更新时间:2017-3-15 11:41:40 来源:纽约时报中文网 作者:佚名

The Lonely Towns of Fukushima
福岛的鬼城,回不去的家

Thousands of people fled from their homes, offices and schools six years ago after a devastating earthquake and tsunami caused a meltdown at a nuclear power plant in Fukushima, Japan. To this day, few have returned, leaving behind ghost towns where eerie signs of the departed linger under a caking of dust.

六年前,毁灭性的地震和海啸导致日本福岛核电站发生熔融事故,令成千上万人逃离家园、办公室和学校。如今几乎没有人能够回来,留下一座座鬼城,灰尘笼罩着废墟,出现了种种奇异恐怖的迹象。

Tomioka, a little more than six miles south of the Fukushima Daiichi plant, was home to 15,830 people before the accident. They left in a hurry. At this ramen restaurant on the main road through town, dishes were left in the sink.

事故发生前,距离福岛第一核电站以南6英里处的富冈町有15830人居住。他们匆匆离开了。贯穿镇子的主干道上有一家拉面馆,可以看到就餐器皿被留在水槽里。

Some towns, like most of Futaba, just four miles from the nuclear plant, may never be reoccupied. Wandering its deserted streets, catching a glimpse of a piece of a child’s artwork here, a worker’s old Rolodex file there, I am hit by an unstinting sense of loss and devastation.

双叶町的大部分地区距离核电厂只有四英里,可能永远不会再被居住,其他一些镇子也是这样。徘徊在双叶町荒无人烟的街道上,我瞥见一个孩子的艺术作品,还有一个工人的旧文件夹,巨大的丧失感和受创感震撼着我。

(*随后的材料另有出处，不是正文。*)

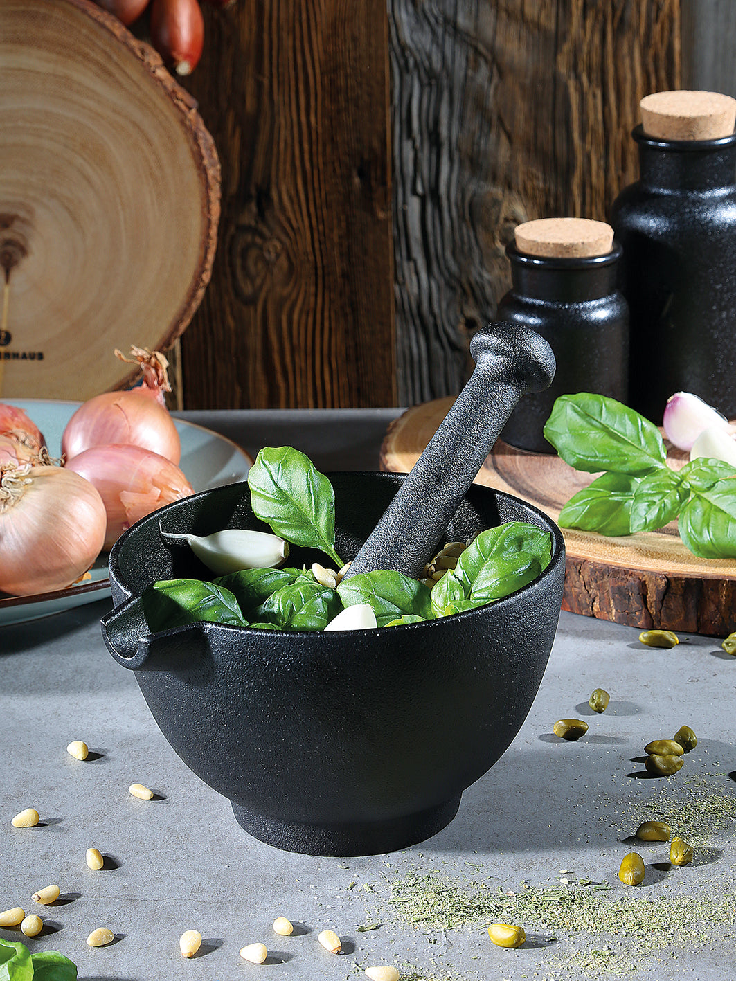 Eindrucksvoll. Der XL Mörser von Zassenhaus macht etwas her – in jeder Hinsicht. Die schwarze Schale ist ein Hingucker in Ihrer Küche. Auch das Material ist bemerkenswert. Das robuste Gusseisen mit der rauen Oberfläche hat keinen Abrieb und verleiht dem Mörser sein solides Gewicht von 2,2 kg. Das spricht für Stabilität. Klar, dass dieses Gerät mit einem Durchmesser von 15,5 cm nicht für halbe Portionen gemacht ist. Der Mörser ist ideal, wenn Sie größere Mengen Gewürze, frische oder getrocknete Kräuter zerreiben oder Pasten herstellen möchten. Die Arbeitsfläche für den Stößel ist groß genug, es springen keine Körner über den Rand. Der Ausgießer ist praktisch, wenn Sie ein Pesto oder Gewürzöl zubereitet haben und es umfüllen möchten. Veredeln Sie doch mal Olivenöl mit zerriebenem Meersalz, angedrückten Wacholderbeeren, Rosmarin, Thymian und Knoblauch. Ein geschmackvolles Geschenk!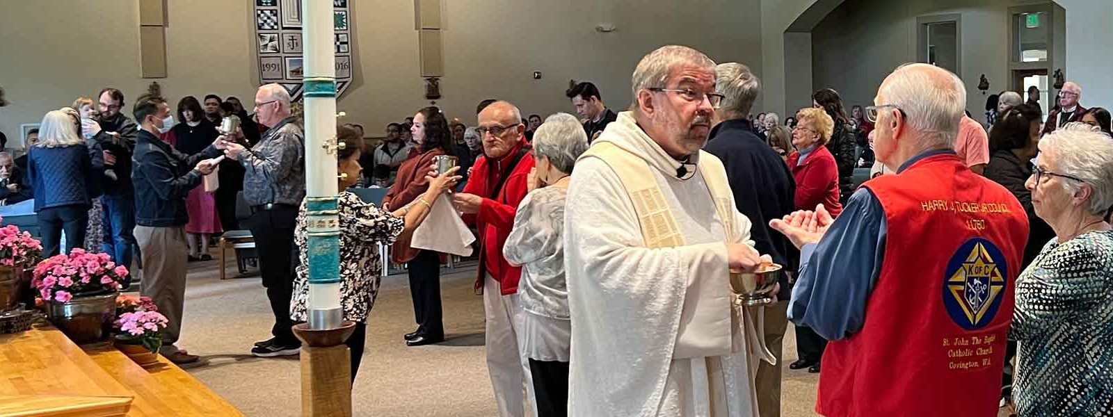 A ministry once born of practical necessity is now an expression of the variety of ministries here at St. John the Baptist. It is an opportunity for laypeople to show the community’s respect for the real presence of Christ and its joy in Holy Communion. If the Spirit is calling you to serve in this ministry, please contact Pat Defiesta for more information.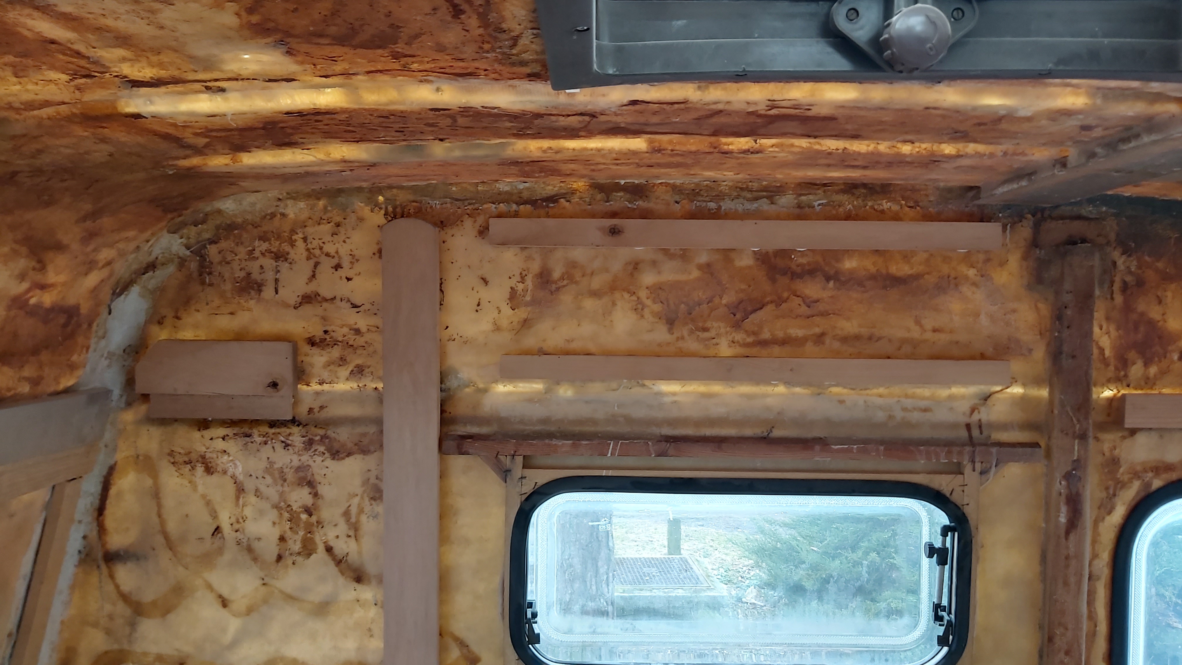 Narazie ze względu na pogodę mogę zrobić laminowanie od środka, częściowo ocieplenia i szlifowanie z zewnątrz tego co zaczął poprzedni właściciel.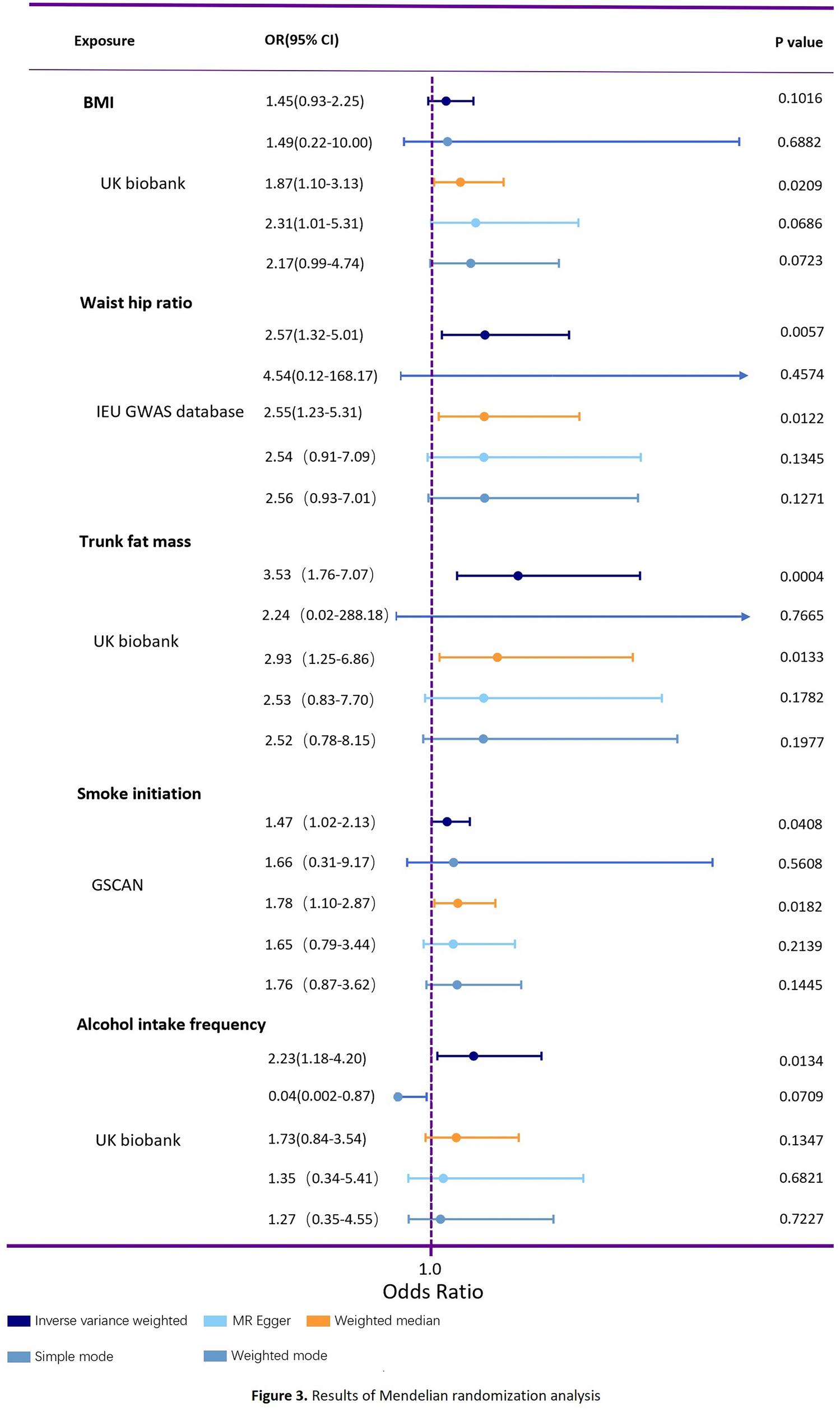 The robustness of the primary results was assessed through sensitivity analyses which included examining each single-nucleotide polymorphism SNP individually and calculating the combined effect by using leave-one-out method. Heterogeneity assessed by Cochran's Q test and pleiotropy evaluated by MR-Egger regression are displayed in Table 1. Notably, based on both IVW and MR-Egger regression analyses, no heterogeneity is detected among the results. In MR-egger analysis, we found horizontal pleiotropy only for alcohol intake frequency (P = 0.03), but not for smoke initiation, BMI, trunk fat, waist–hip ratio. Furthermore, the leave-one-out sensitivity analysis demonstrated that no single SNP significantly influenced the overall causal effects. The detailed outcomes from leave-one-out sensitivity analysis can be found in the Supplementary Material.

Evidence of sudden flight is everywhere. The earthquake shook an elementary school so vigorously that students could not even stay standing. When the children left, they assumed they would return a few days later. Instead, they left and never came back.

仓促逃离的迹象无处不在。地震强烈地撼动了一座小学,学生当时甚至无法站立。当孩子们离开时,他们认为几天后就能回来了。相反,他们离开后就再也没有回来过。

The portraits of past principals lay scattered on the floor, the forgotten history of an abandoned school.

历任校长们的肖像散落在地上,这是废弃的学校被遗忘的历史。

Most of the 21,434 people who lived in the town of Namie have put down roots elsewhere. They are now asking that the town simply demolish their homes. A little over 800 houses and shops have been knocked down already; another 1,280 are on a waiting list.

住在浪江町的21434名居民大多数已在别处落地生根。他们现在只是要求镇上把他们的家园拆掉。有800多座房子和商店已经被拆除;另有1280座还在轮候名单上。

In Tomioka, I met Chiharu Matsumoto, 68, a former resident who volunteers at a rest center in town for people returning just to clean out or get things from their homes. She lives in a city to the west now and said she did not plan to move back. Her grown children have not visited Tomioka since evacuating after the disaster. “They do not know how much radiation they might receive,” she said.

在富冈町,我走访了68岁的松本原幸(Chiharu Matsumoto,音),她在市内的一个支持中心做志愿者,该中心的目的是帮助那些从家里清理东西或者取回物品的人们。她现在住在西边的一个城市,并说自己没有计划搬回来。她成年的孩子们自灾难撤离后便没有再回富冈看过。“他们不知道自己可能受到多少辐射,”她说。

The government says it will be safe for residents to return in April. So far, 304 people have moved back on temporary permits. With so few people returning, it makes little sense for many commercial operations to restart. Many of the convenience stores, restaurants and pachinko gambling parlors, like this one, have yet to be cleaned up or repaired.

政府说,到4月,居民就可以安全回家。到目前为止,有304人已经持临时许可证回来。由于回来的人太少,许多商业运营也没有必要重新启动。许多便利店、餐馆和弹子球赌场,比如这一个,还没有被清理或修缮。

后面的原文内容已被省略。